Внутреннее убранство выглядело строгим и смахивало больше на ученую лабораторию, нежели на уютный дом: шкафы и полки со старыми фолиантами стояли повсюду, куда не кинешь взор; широкий письменный стол, заваленный грудой исписанных листов; медицинская кушетка; стеклянные шкафы с колбами, трубками, сосудами, наполненными разноцветными жидкостями; микроскопы нескольких видов; большие песочные часы; различные мензурки и склянки, клистиры, фарфоровые и медные иготи[83] и пара человеческих и звериных черепов. В углу расположился черный кожаный диван с высокой, плоской спинкой и несколько небольших банкеток.

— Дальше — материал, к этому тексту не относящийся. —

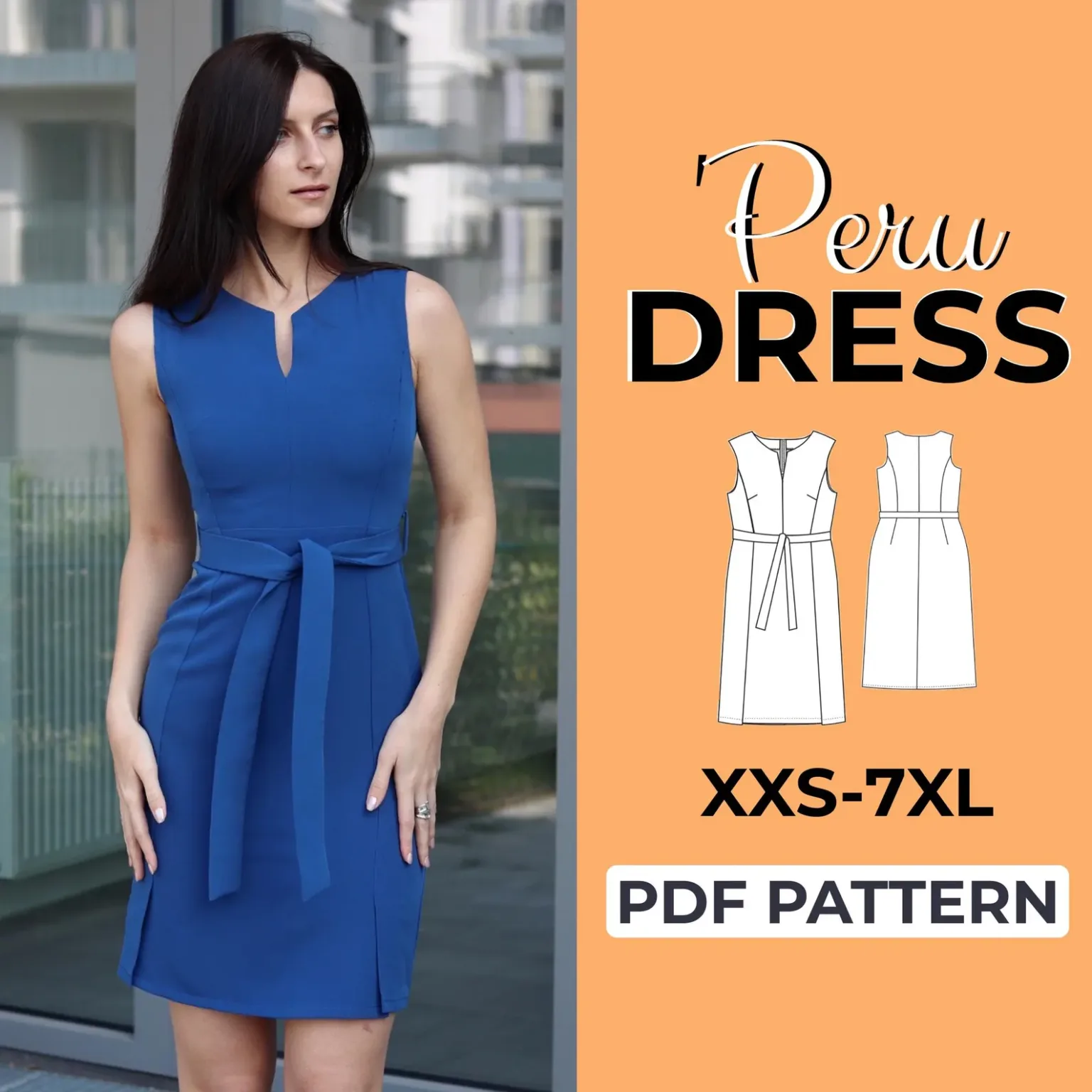Sew your next statement dress with elegance and precision using this Belted Sheath Dress Sewing Pattern—a digital PDF pattern designed for experienced sewists who want a sleek, structured silhouette with refined details. This midi-length fitted dress features a sleeveless bodice, a flattering V-neckline, and a waist tie that adds shape and visual balance.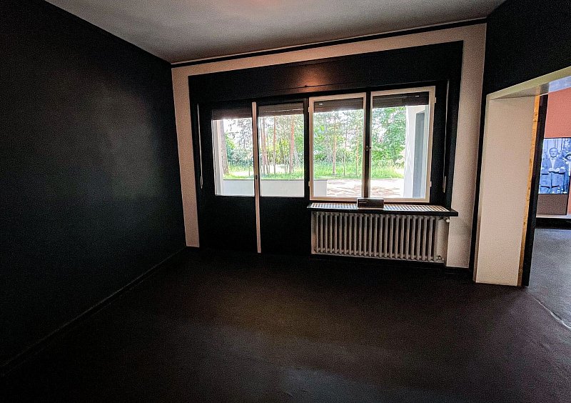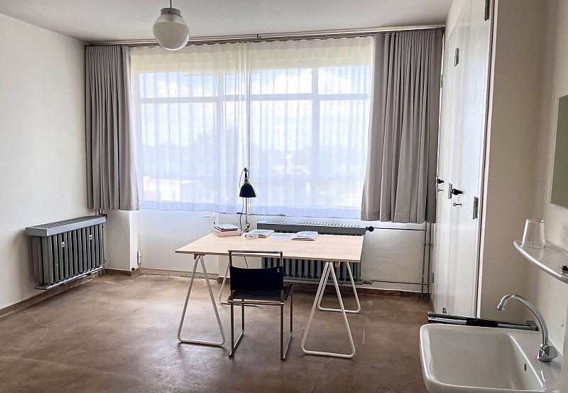 Zu dem Gebäudekomplex gehört auch das Atelierhaus. Hier wohnten Studierende und Lehrende. Heute können in den teils reinszenierten Zimmern Gäste übernachten. Minimalistisch, hell und schlicht präsentieren sich die Räume mit Bett, Schreibtisch, Kleiderschrank, Waschbecken und Balkon.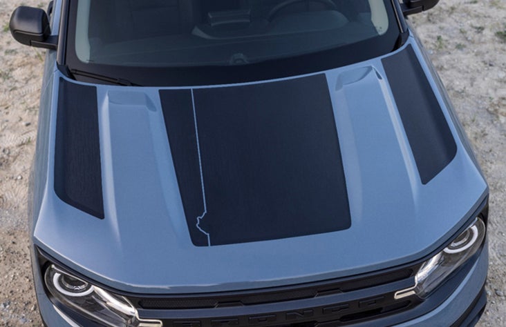 In stripes of reflective color, red orange and yellow graphics form a rainbow down the sides of the Bronco Sport Free Wheeling Special Edition. There’s more color on the hood and liftgate, bringing the look together.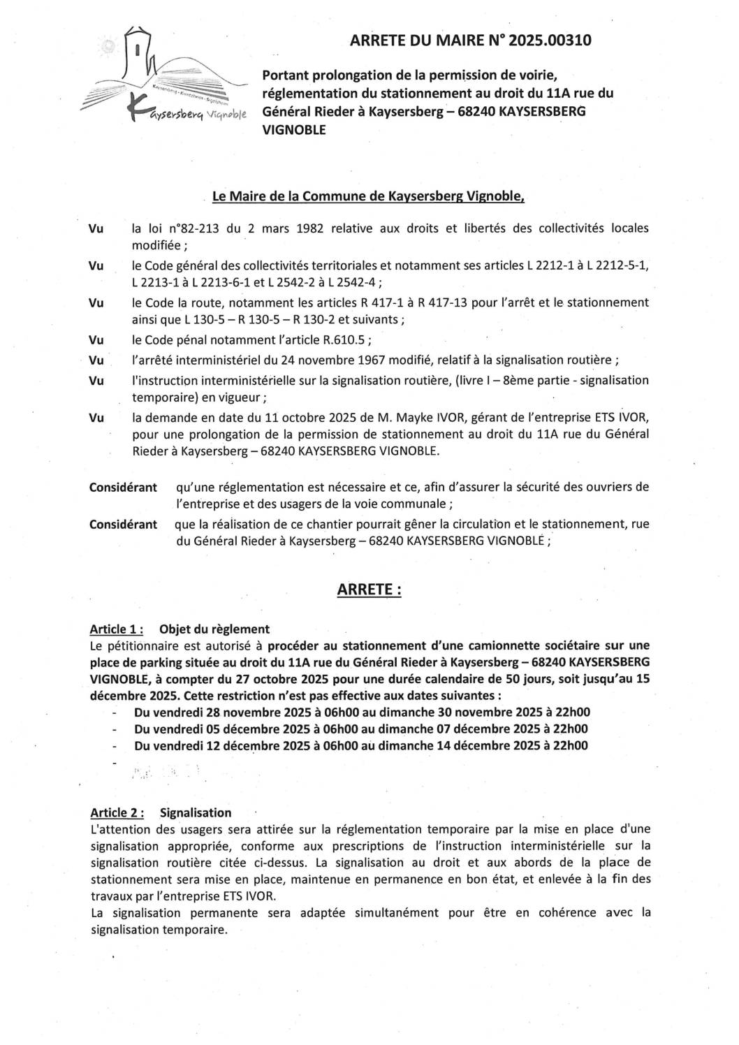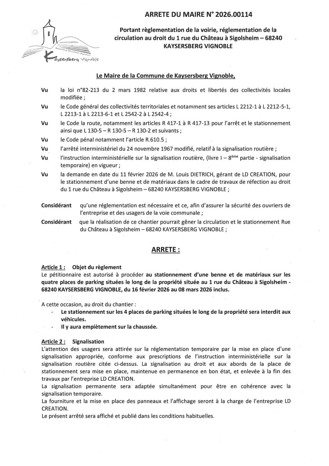 Vous êtes ici › Accueil • Vie municipale • Publications légales • Arrêtés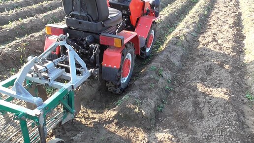Докапываем оставшуюся картошку минитрактором МТЗ и грохотной копалкой.

– Вот, собственно, здесь я и живу. Как видите, очень скромно. Я, Володя, хирург и анатом. А потому, для меня самое главное – иметь возможность заниматься любимым делом. Виктор, наш хозяин, надо отдать ему должное, благоволит к прошлым занятиям своих подопечных, не препятствует привычкам, а иногда даже всячески потакает последним. Я здесь читаю, работаю, и к счастью, продолжаю практиковать. Препарирую лягушек и не только… – темные зрачки нервно взметнулись на Владимира. – Присядьте, пожалуйста, на кушетку. Я обработаю ваши раны…
Владимир с любопытством рассматривал убранство комнаты. Сбоку от этого кабинета шла другая, неплотно прикрытая дверь. Пока немец пошел в дальний угол комнаты за свинцовой примочкой, любопытный Владимир подскочил с кушетки и заглянул в приоткрытую дверь… Эта комната походила на анатомический класс или холодильник в морге: белые мраморные стены отливали холодным глянцем, таким же казался и чистый пол, металлические столики на колесах поблескивали множеством хирургических инструментов – скальпелями различных размеров и форм, щипцами, зажимами и всякой медицинской дребеденью. Владимир бегло осмотрел убранство кабинета. Но главным было другое… Посередине стоял высокий и длинный хирургический стол с желобом, направленным в сливную дыру, проделанную в полу. На столе кто-то лежал! Вернее контур неподвижного тела просвечивал сквозь тонкую ткань простыни. Судя по формам, это была – женщина! Из-под простыни свешивались длинные черные волосы и кончики накрашенных ногтей. Это был женский труп!